_Task directions_: Would you print the lines below exactly, beginning at the line that has "This longhorn is" and stopping after the line that has "Bundeswehrhelm bei der"? Only those lines, and no pictures.

_Data for this task_:
-------
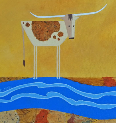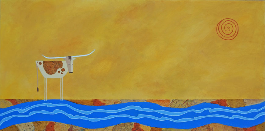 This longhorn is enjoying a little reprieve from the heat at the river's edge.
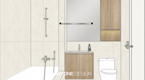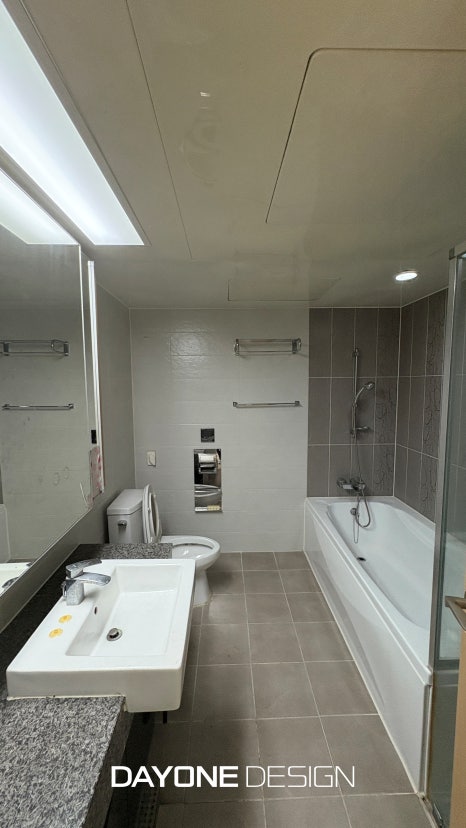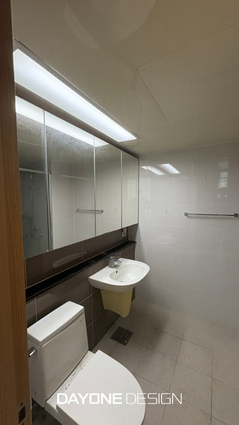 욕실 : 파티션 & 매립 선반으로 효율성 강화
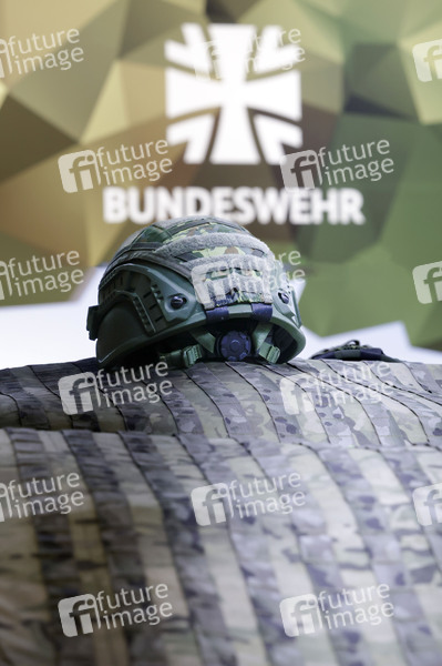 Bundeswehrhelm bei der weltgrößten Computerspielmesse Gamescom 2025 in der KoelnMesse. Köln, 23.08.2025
-------
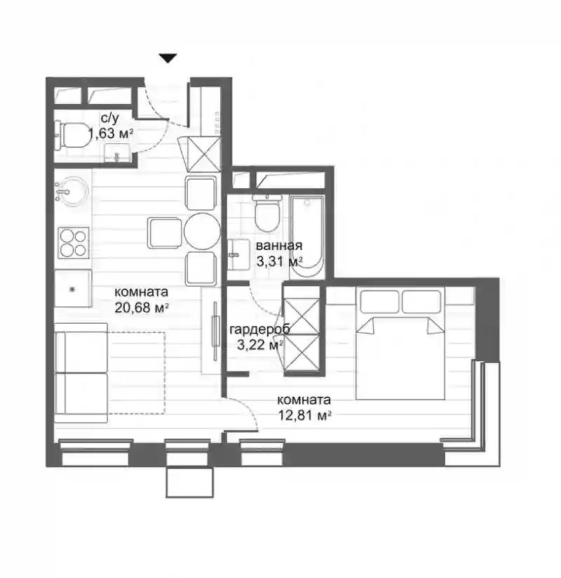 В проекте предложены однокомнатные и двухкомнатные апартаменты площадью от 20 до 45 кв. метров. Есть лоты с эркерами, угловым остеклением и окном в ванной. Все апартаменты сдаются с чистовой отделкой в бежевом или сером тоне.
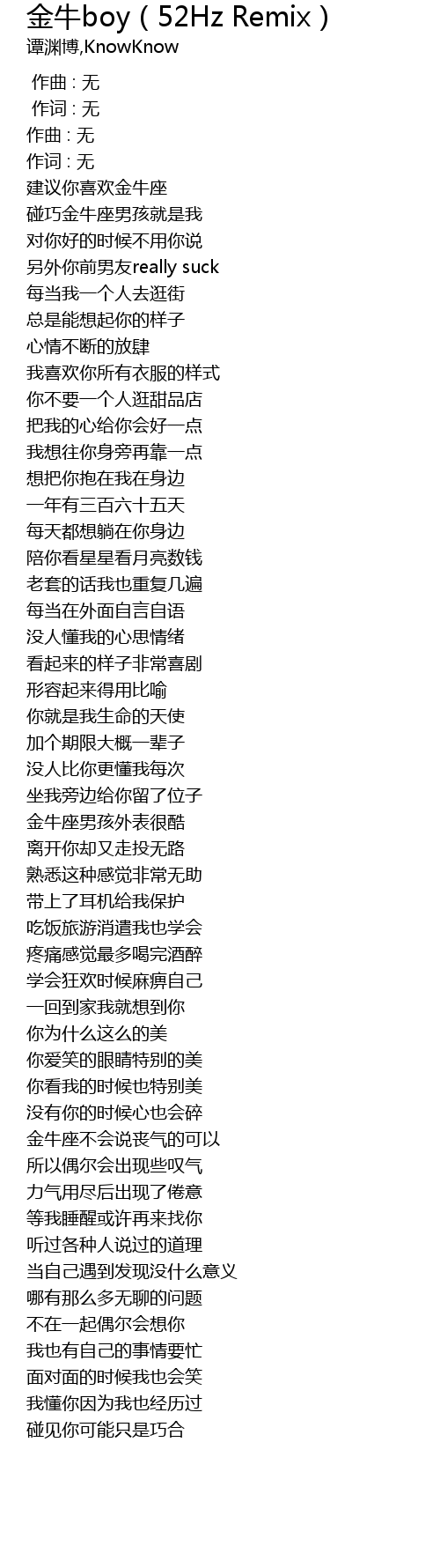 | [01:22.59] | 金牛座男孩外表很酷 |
-------
_Task answer_:
 This longhorn is enjoying a little reprieve from the heat at the river's edge.
 욕실 : 파티션 & 매립 선반으로 효율성 강화
 Bundeswehrhelm bei der weltgrößten Computerspielmesse Gamescom 2025 in der KoelnMesse. Köln, 23.08.2025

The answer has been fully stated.